Atula Abeysekera, FCGI is a British Engineer, a Professor and an expert in Enterprise Risk Management in Financial Services.

Early life 
Abeysekera was born in London, England and spent his early childhood in Sri Lanka, before returning to the United Kingdom. He graduated in civil engineering from Imperial College, London in 1981.

Career 
After graduating, Abeysekera then spent four years working as a civil engineer before deciding to pursue a career in Financial Services. He then went on to work for various Financial institutions such as KPMG, Morgan Stanley, Fidelity & Lazard. He is currently a Senior Risk Officer at Schroders.

He was appointed by the Secretary State of Housing, Communities and Local Government to drive forward the building safety programme following the Grenfell tragedy.
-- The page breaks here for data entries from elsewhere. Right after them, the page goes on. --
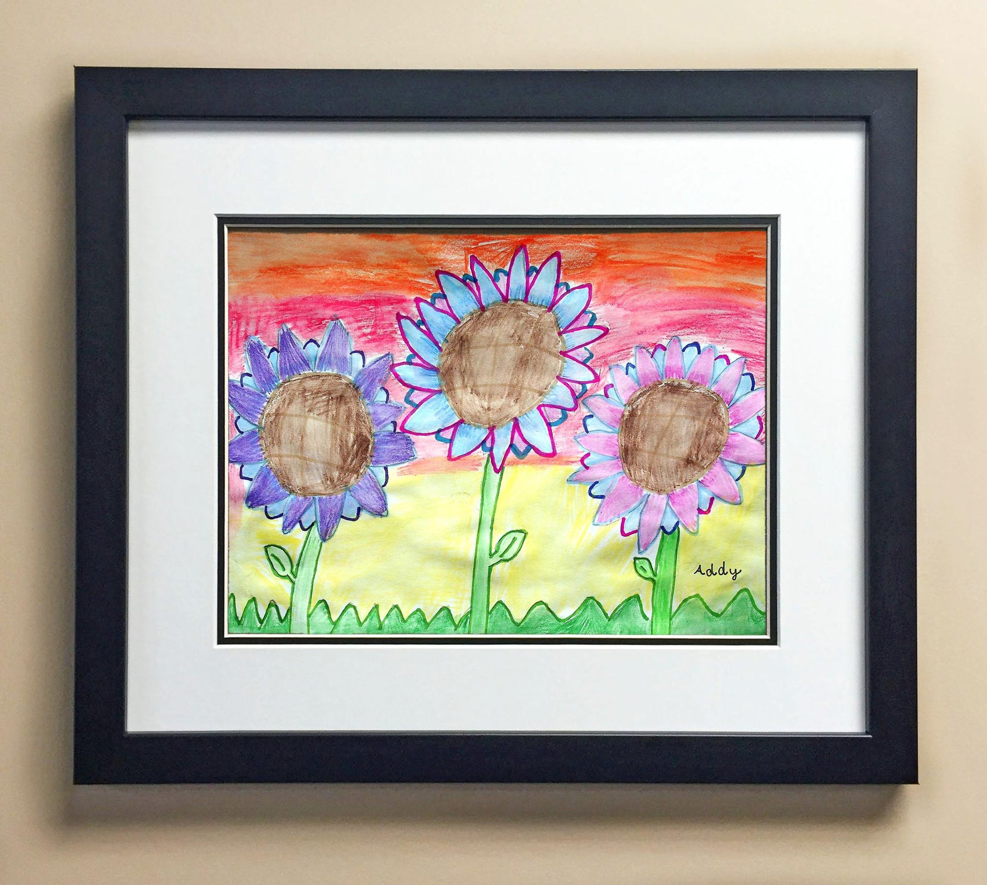Included with the purchase is the Students Artwork, Frame, double matboard, shatter proof plexiglass, and a ready to hang backerboard with turnbuttons
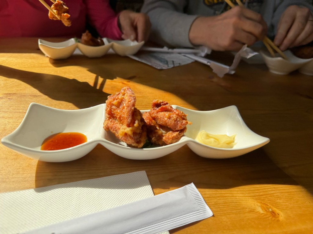 Once we had finished our beers, we headed out again. We just had to walk around he corner for our second stop. Our destination was called Guu with Otokomae. Guu with Otokomae is an izakaya concept, which is essentially the Japanese take on a tapas bar. Izakayas specialise in serving alcoholic drinks with small plates. We were not there to drink, but we had some karage chicken with a hot & sour onion sauce and garlic mayo. Rachel recommended that we dip the chicken in both sauces. I tried this with my first bite, but this did not do anything for me. I did however really like the dish when I just dipped it in one sauce at a time.
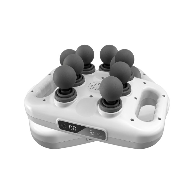 Tento inovatívny masážny prístroj typu S2 je vybavený šiestimi profesionálnymi masážnymi hlavicami, ktoré pôsobia súčasne s cieľom uvoľniť hlbšie svalové tkanivá. Prístroj spája modernú technológiu s pohodlím, čím je vynikajúcou voľbou pre športovcov alebo na uvoľnenie každodenného svalového napätia.
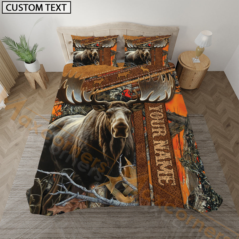 Maxcorners Moose Hunting Rustic Orange Forest Bedding Set 3D All Over Printed

He remains a member of the Industry Safety Steering Group (ISSG).

Abeysekera is also a member of The Worshipful Company of International Bankers.
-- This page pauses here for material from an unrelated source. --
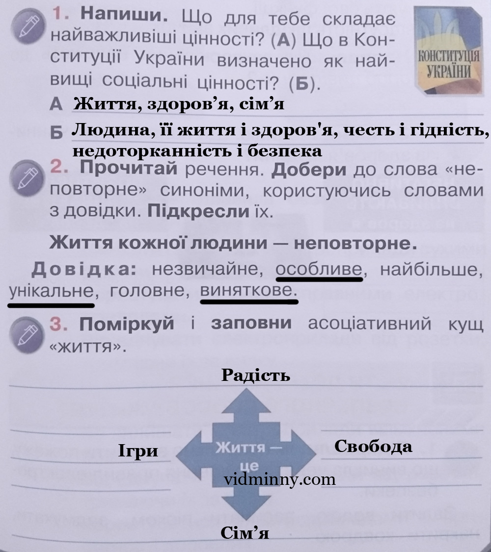 - приклади особистих відповідей та роздумів;
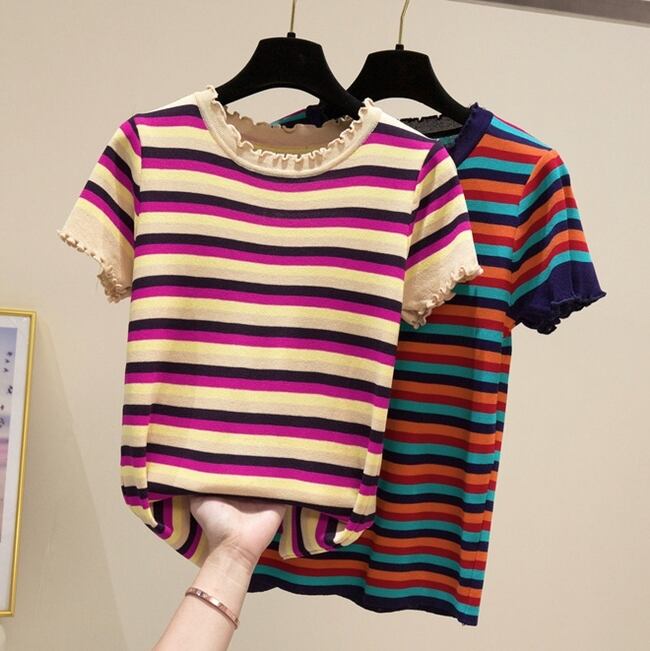 全3色 トップス Tシャツ サマーニット ボーダー ブラウス ラウンドネック スリム フリル 半袖 フェミニン 大人可愛い デート カジュアル シンプル デイリー 夏

Notable Publications & Work 
Abeysekera's publications have been republished by professional publications and a think tank. He is the author of the policy paper 'Black Swans means business', 'Resuscitating the NHS'  and 'Mind the Gap – Funding for UK’s Flood Defences: The Bow Group'.

He is the author of the book 'What’s the small idea? - Innovation and Risk Culture in Government'.

Abeysekera is frequently a speaker on Black Swans in Risk management.

Awards 
In 2017, Abeysekera was awarded Fellowship by the City and Guilds of London Institute.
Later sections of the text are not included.